■ WORK ITEM: Reproduce the listing below from the line with "Do naší mateřské" to the line with "Bunch of green", both lines included, character for character, minus any pictures.

■ INPUT DATA:

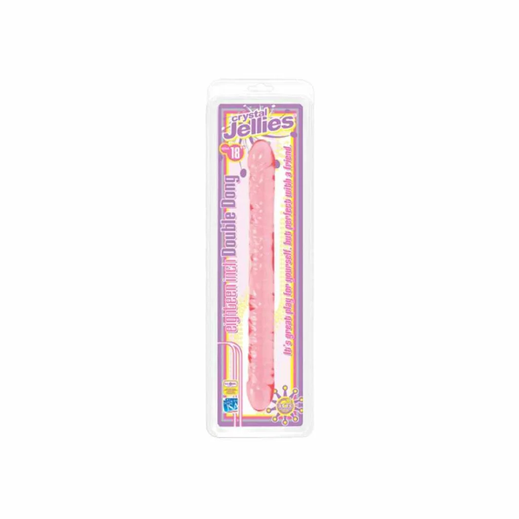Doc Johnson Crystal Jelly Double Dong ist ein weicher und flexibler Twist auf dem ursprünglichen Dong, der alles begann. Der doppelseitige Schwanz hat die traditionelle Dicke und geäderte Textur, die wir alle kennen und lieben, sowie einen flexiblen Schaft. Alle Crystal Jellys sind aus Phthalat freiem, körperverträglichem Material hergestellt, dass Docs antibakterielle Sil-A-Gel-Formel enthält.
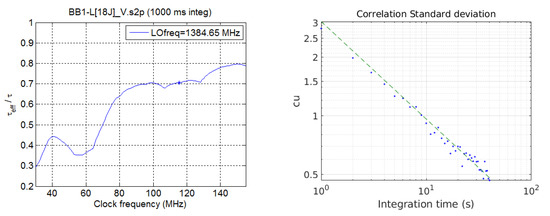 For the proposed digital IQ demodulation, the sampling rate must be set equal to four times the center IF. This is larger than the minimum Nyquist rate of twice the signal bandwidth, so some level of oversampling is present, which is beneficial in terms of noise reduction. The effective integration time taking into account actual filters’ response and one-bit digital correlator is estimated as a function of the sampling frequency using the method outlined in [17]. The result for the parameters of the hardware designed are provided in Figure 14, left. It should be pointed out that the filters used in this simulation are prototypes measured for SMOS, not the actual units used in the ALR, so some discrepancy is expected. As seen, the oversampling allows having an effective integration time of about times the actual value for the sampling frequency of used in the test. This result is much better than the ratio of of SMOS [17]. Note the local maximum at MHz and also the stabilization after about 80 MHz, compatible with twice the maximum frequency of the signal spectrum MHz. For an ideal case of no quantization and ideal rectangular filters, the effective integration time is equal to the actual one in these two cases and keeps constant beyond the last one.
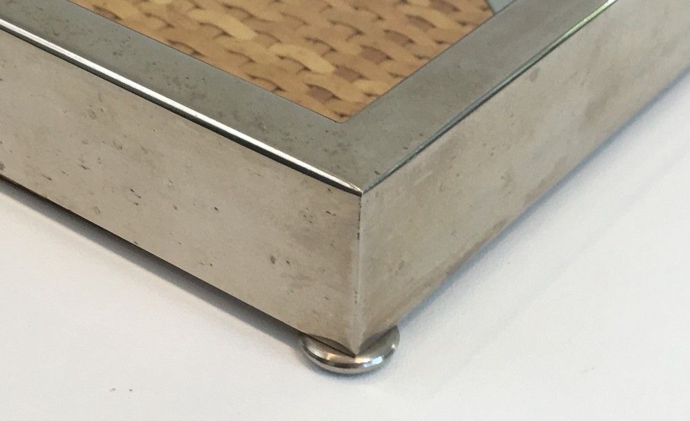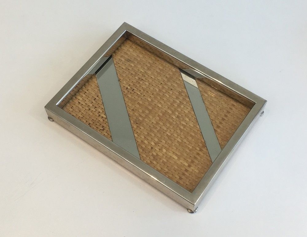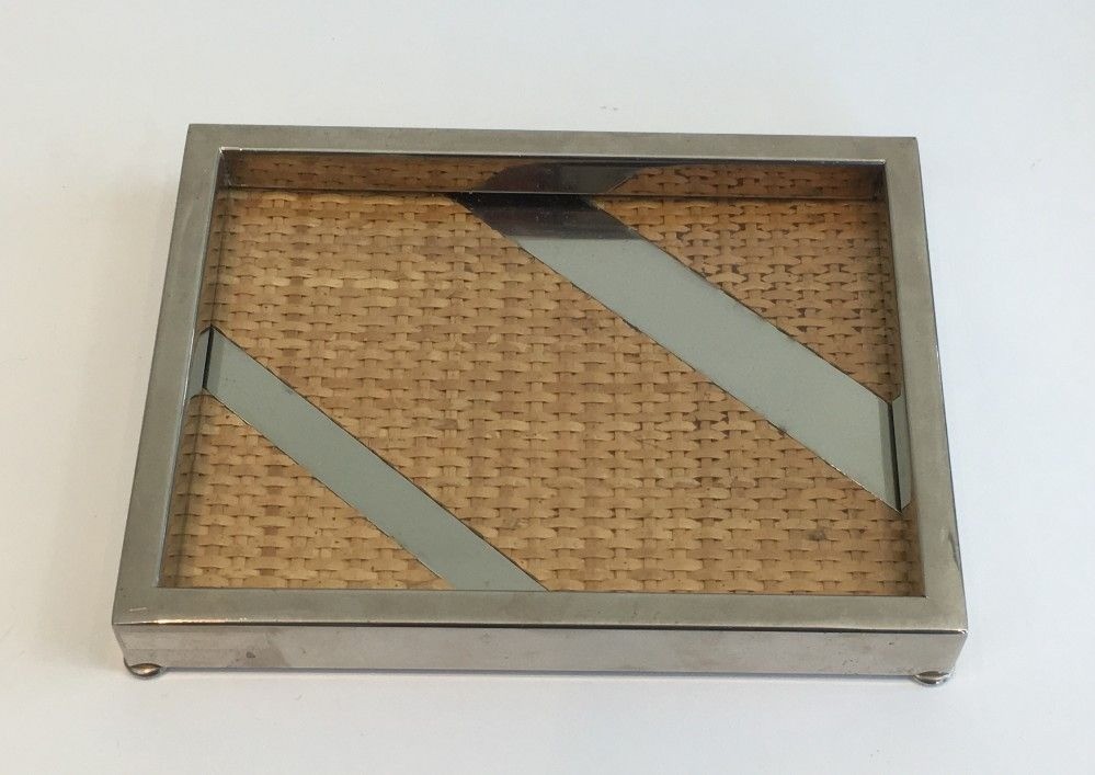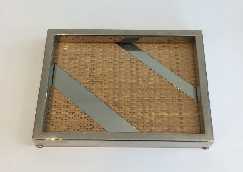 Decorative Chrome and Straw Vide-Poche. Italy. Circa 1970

==

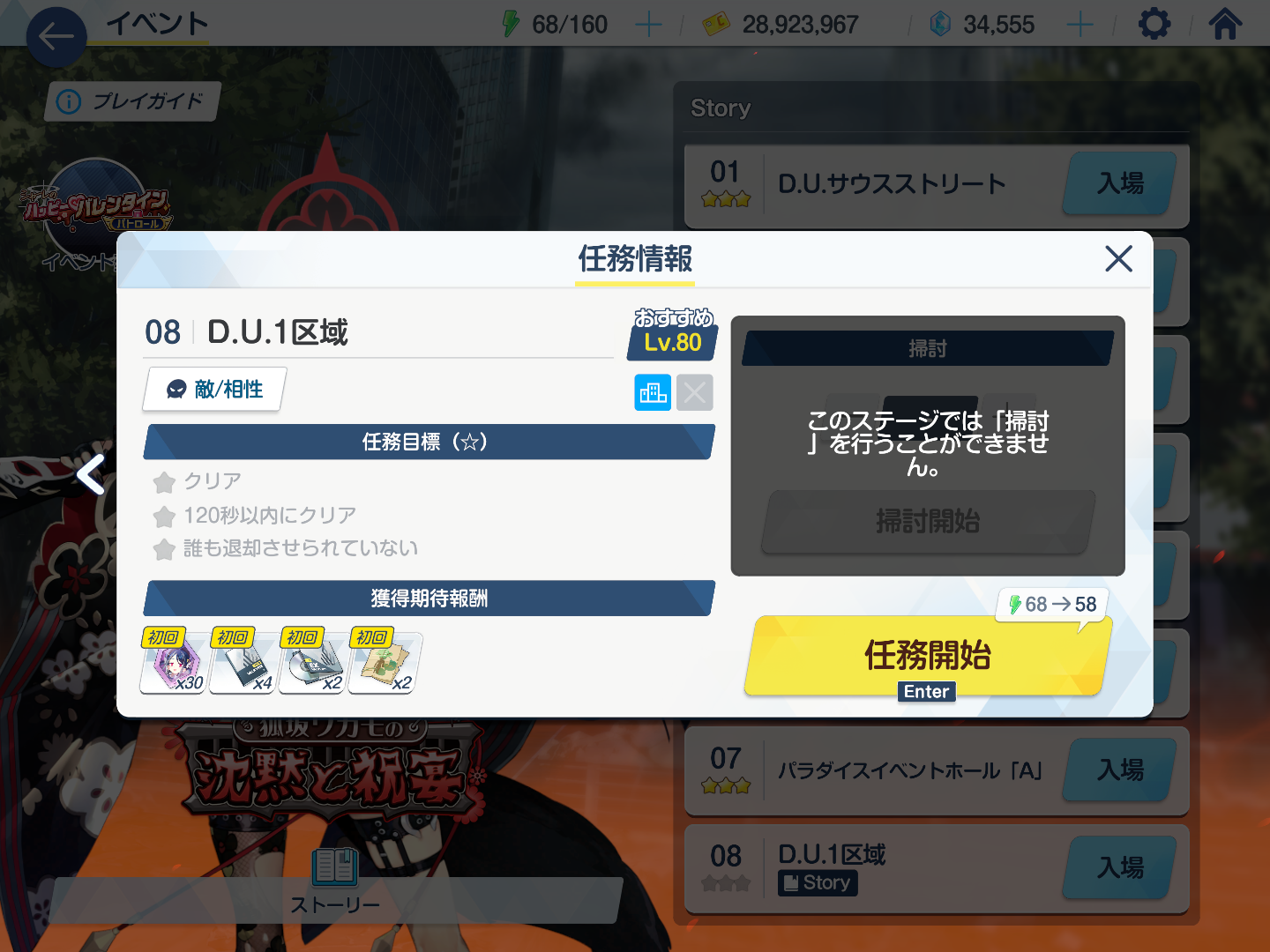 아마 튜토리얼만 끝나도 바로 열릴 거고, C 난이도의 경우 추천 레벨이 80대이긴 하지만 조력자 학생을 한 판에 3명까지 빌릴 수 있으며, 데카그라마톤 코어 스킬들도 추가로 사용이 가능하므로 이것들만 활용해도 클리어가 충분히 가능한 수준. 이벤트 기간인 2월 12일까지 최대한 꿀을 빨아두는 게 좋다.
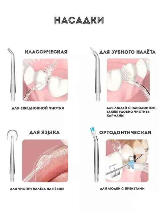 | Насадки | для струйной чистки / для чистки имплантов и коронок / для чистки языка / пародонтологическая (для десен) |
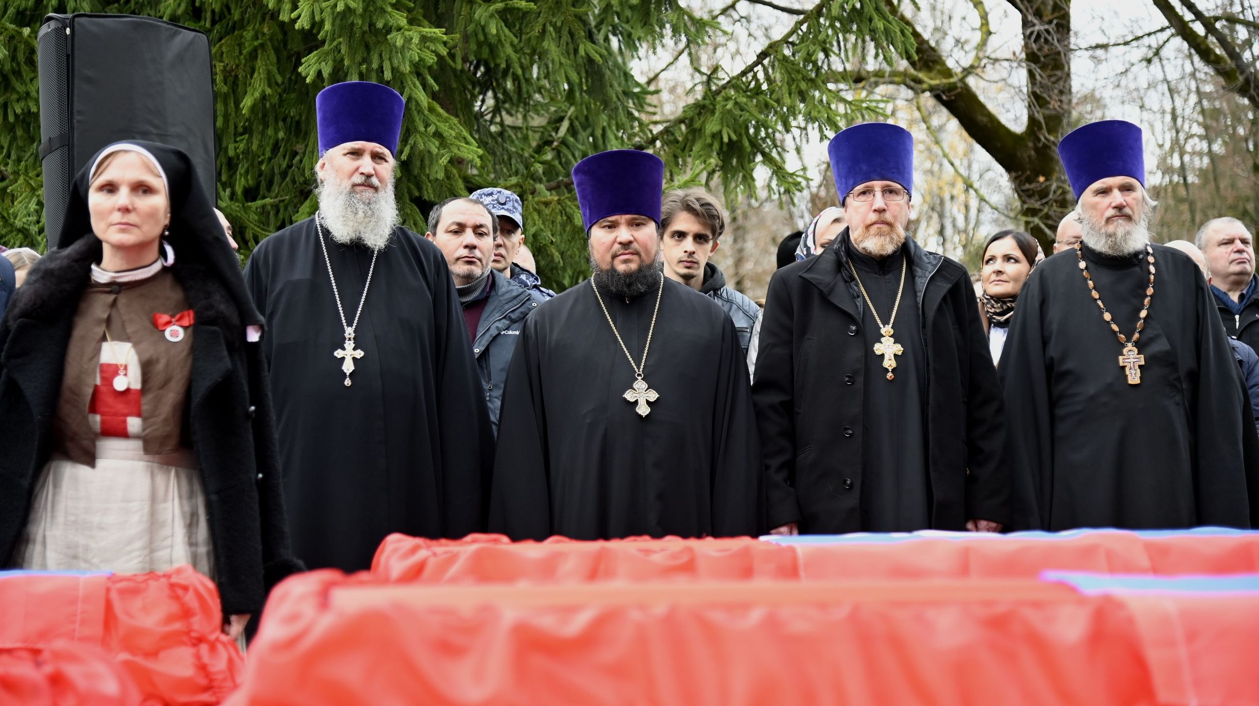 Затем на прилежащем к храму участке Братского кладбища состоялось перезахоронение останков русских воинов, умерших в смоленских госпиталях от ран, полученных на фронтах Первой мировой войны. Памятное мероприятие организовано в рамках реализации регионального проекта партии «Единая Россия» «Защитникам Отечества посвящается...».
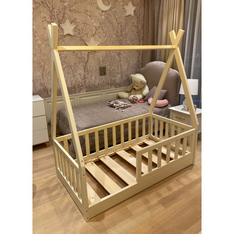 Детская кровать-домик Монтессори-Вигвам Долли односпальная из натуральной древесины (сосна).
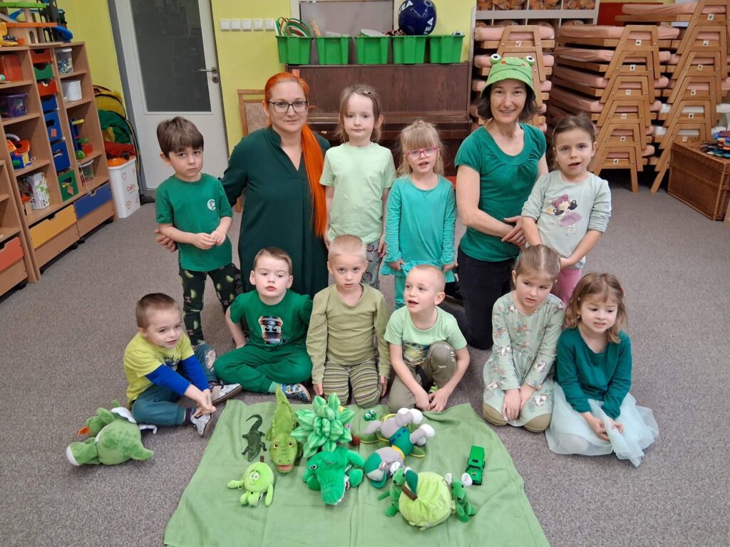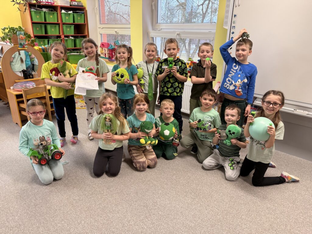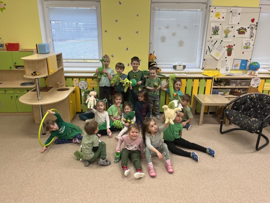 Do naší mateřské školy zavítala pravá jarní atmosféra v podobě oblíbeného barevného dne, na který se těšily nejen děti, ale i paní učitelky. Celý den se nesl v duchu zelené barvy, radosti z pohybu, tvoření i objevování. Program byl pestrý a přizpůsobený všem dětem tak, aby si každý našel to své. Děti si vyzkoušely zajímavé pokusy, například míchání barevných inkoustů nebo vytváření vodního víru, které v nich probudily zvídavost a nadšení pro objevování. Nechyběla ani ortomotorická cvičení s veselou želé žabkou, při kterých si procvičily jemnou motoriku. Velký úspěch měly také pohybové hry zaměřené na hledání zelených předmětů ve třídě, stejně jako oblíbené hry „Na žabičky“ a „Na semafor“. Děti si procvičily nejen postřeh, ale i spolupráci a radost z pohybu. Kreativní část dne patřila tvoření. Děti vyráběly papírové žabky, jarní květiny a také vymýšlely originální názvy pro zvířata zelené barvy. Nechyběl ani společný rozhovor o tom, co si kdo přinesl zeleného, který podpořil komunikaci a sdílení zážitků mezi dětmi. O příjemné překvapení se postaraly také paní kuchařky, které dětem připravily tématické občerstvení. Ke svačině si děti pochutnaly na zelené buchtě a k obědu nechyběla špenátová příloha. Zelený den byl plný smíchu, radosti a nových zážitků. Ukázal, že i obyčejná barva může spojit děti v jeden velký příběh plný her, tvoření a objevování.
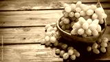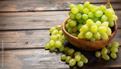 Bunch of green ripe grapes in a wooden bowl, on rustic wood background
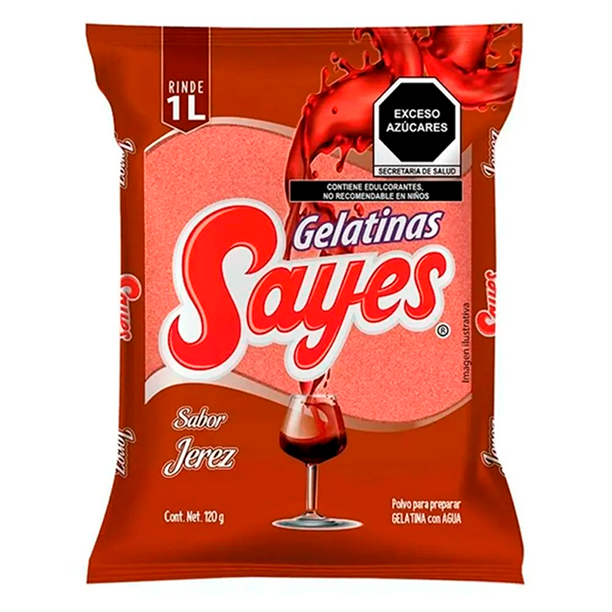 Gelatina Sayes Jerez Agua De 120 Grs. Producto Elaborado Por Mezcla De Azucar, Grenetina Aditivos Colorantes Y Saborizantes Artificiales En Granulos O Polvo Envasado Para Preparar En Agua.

---

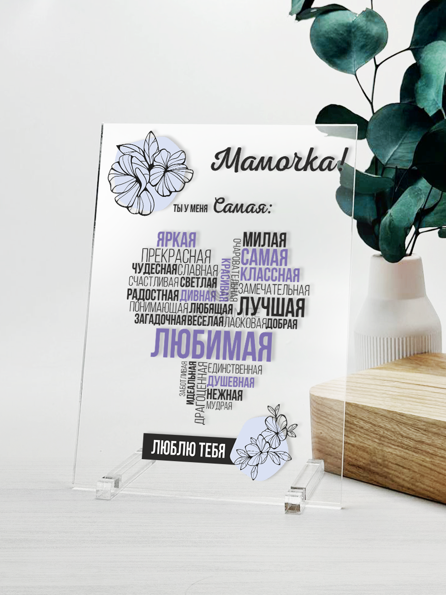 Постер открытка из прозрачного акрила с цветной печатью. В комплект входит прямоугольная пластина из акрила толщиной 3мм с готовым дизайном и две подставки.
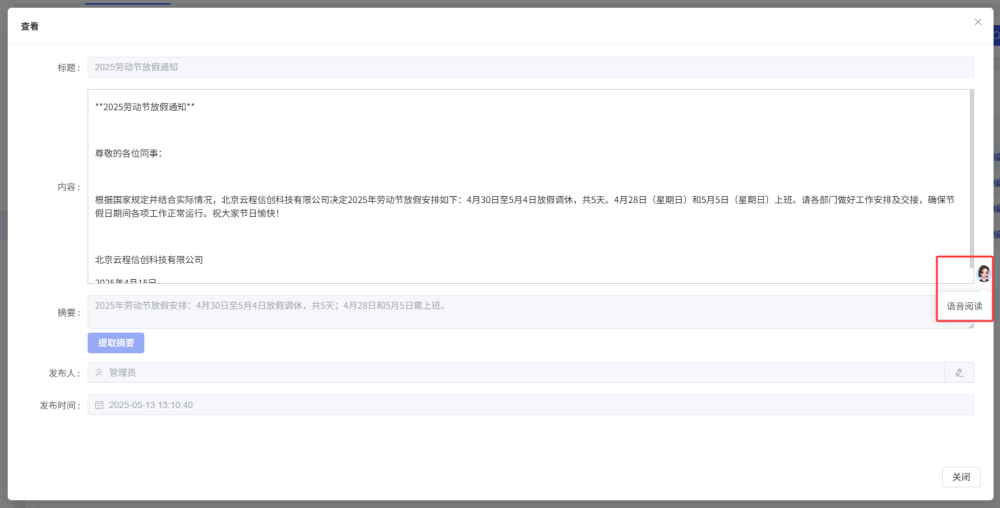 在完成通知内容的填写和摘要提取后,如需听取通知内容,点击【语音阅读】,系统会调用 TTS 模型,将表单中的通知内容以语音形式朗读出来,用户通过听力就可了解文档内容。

■ SOLVED PROBLEM:
 Do naší mateřské školy zavítala pravá jarní atmosféra v podobě oblíbeného barevného dne, na který se těšily nejen děti, ale i paní učitelky. Celý den se nesl v duchu zelené barvy, radosti z pohybu, tvoření i objevování. Program byl pestrý a přizpůsobený všem dětem tak, aby si každý našel to své. Děti si vyzkoušely zajímavé pokusy, například míchání barevných inkoustů nebo vytváření vodního víru, které v nich probudily zvídavost a nadšení pro objevování. Nechyběla ani ortomotorická cvičení s veselou želé žabkou, při kterých si procvičily jemnou motoriku. Velký úspěch měly také pohybové hry zaměřené na hledání zelených předmětů ve třídě, stejně jako oblíbené hry „Na žabičky“ a „Na semafor“. Děti si procvičily nejen postřeh, ale i spolupráci a radost z pohybu. Kreativní část dne patřila tvoření. Děti vyráběly papírové žabky, jarní květiny a také vymýšlely originální názvy pro zvířata zelené barvy. Nechyběl ani společný rozhovor o tom, co si kdo přinesl zeleného, který podpořil komunikaci a sdílení zážitků mezi dětmi. O příjemné překvapení se postaraly také paní kuchařky, které dětem připravily tématické občerstvení. Ke svačině si děti pochutnaly na zelené buchtě a k obědu nechyběla špenátová příloha. Zelený den byl plný smíchu, radosti a nových zážitků. Ukázal, že i obyčejná barva může spojit děti v jeden velký příběh plný her, tvoření a objevování.
 Bunch of green ripe grapes in a wooden bowl, on rustic wood background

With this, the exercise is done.